Hey Comrade,
I scanned this journal... I really respect the hard work and props to keeping a journal!
I manage PPC profitably for many small businesses, including my e-commerce startup. One client spends over $100,000/m. I started PPC back in October 2012 and have been grinding my way up ever since. The first two months were rough, because my fundamentals needed improvement... so just hang in there!
Based on your posts, I think you have a pretty big flaw in your PPC fundamentals right now when it comes to keywords.
You're focusing on your landing page a lot, which is truly great, but it seems that you treat keywords as an afterthought.
It doesn't matter if you have the best landing page in the world, if you are targeting the wrong keywords, your campaign won't be profitable. Additionally, it's helpful to build landing pages based around keywords and what the searcher is looking for.
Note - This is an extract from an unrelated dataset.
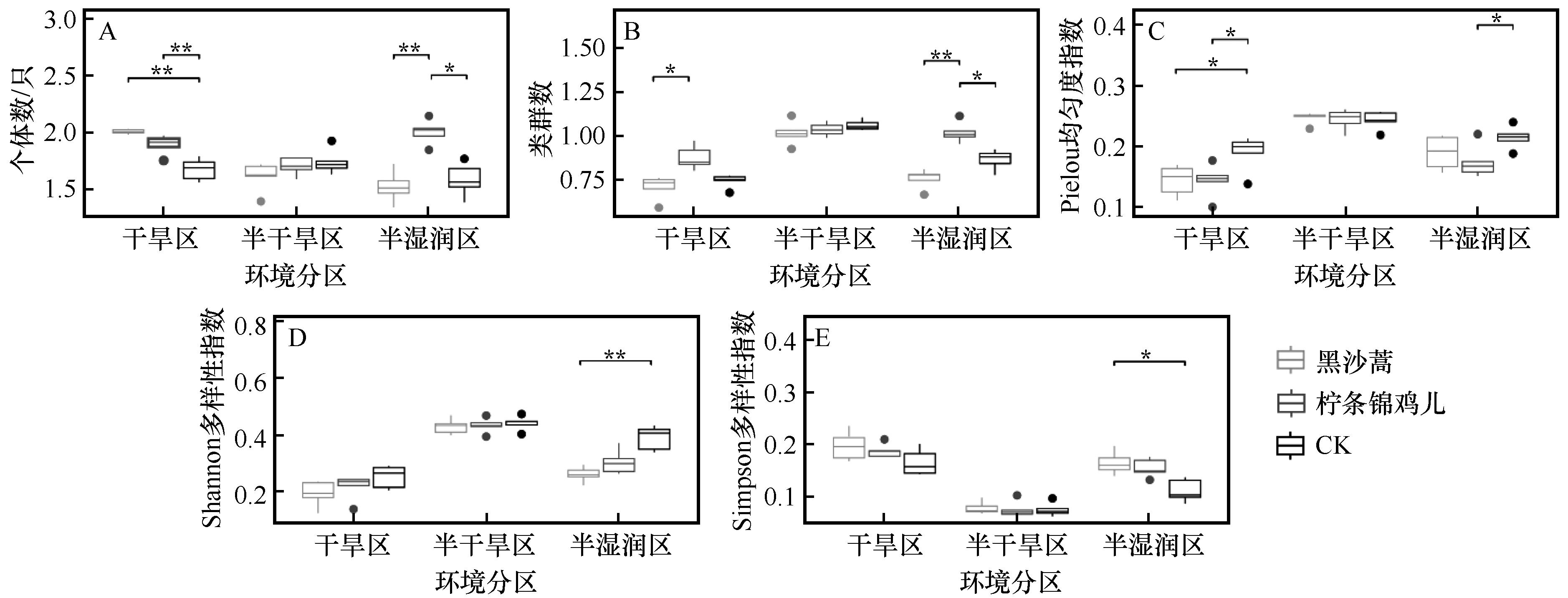 表6 不同降水梯度灌丛微生境间地面节肢动物群落结构的差异

A lot of the advice you are reading is in regards to display advertising (POF/Facebook) and you are doing search advertising.
Think of keywords much like demo targeting on display advertising. Getting a campaign profitable on display advertising is all about tweaking and advertising the demo until you find the perfect demo. For Example, the perfect demo for Supplement A and Landing Page B may be Males 32-36 who are College Educated (indicates higher disposable income) and single (they may be interested in losing weight to attract a mate).
A similar concept applies to search advertising. Let's take two different search terms:
"Information about Diet Supplements"
"Best Diet Supplement to Lose Weight"
Keyword A is trash, Keyword B is much better.
The searcher in keyword a is a browser, he's just looking for information right now about diet supplements. He may convert, but it's going to be much tougher.
The searcher in keyword B has already been browsing, and now he's looking for the "best" supplement. This signals he is much farther in the sales process and is much more likely to convert.
Regardless, you don't have to be great at picking keywords right off the bat, it will take time and experience in the niche. What you do have to be great at is:
A. Tracking Keywords Properly.
B. Bidding on only a small set of keywords, so you can split test quicker.
So you've had a couple of sales already. What keywords did they come from? If you can't tell me this, then you're not tracking keywords properly.
Secondly, how many keywords are you bidding on? If you are bidding on 20 different keywords, then it will take you forever to figure out which keywords convert well and which keywords don't. Take a serious look over your keywords and pick 3-5. This will help you determine the winner and loser keywords much quicker.
Also, make sure you are properly using keyword matching. If you are using naked broad matching, then you're going to get hammered and not make money. Use Exact Match, Phrase Match, or Broad Match Modifiers, but never naked broad matching (especially if you're new to search advertising).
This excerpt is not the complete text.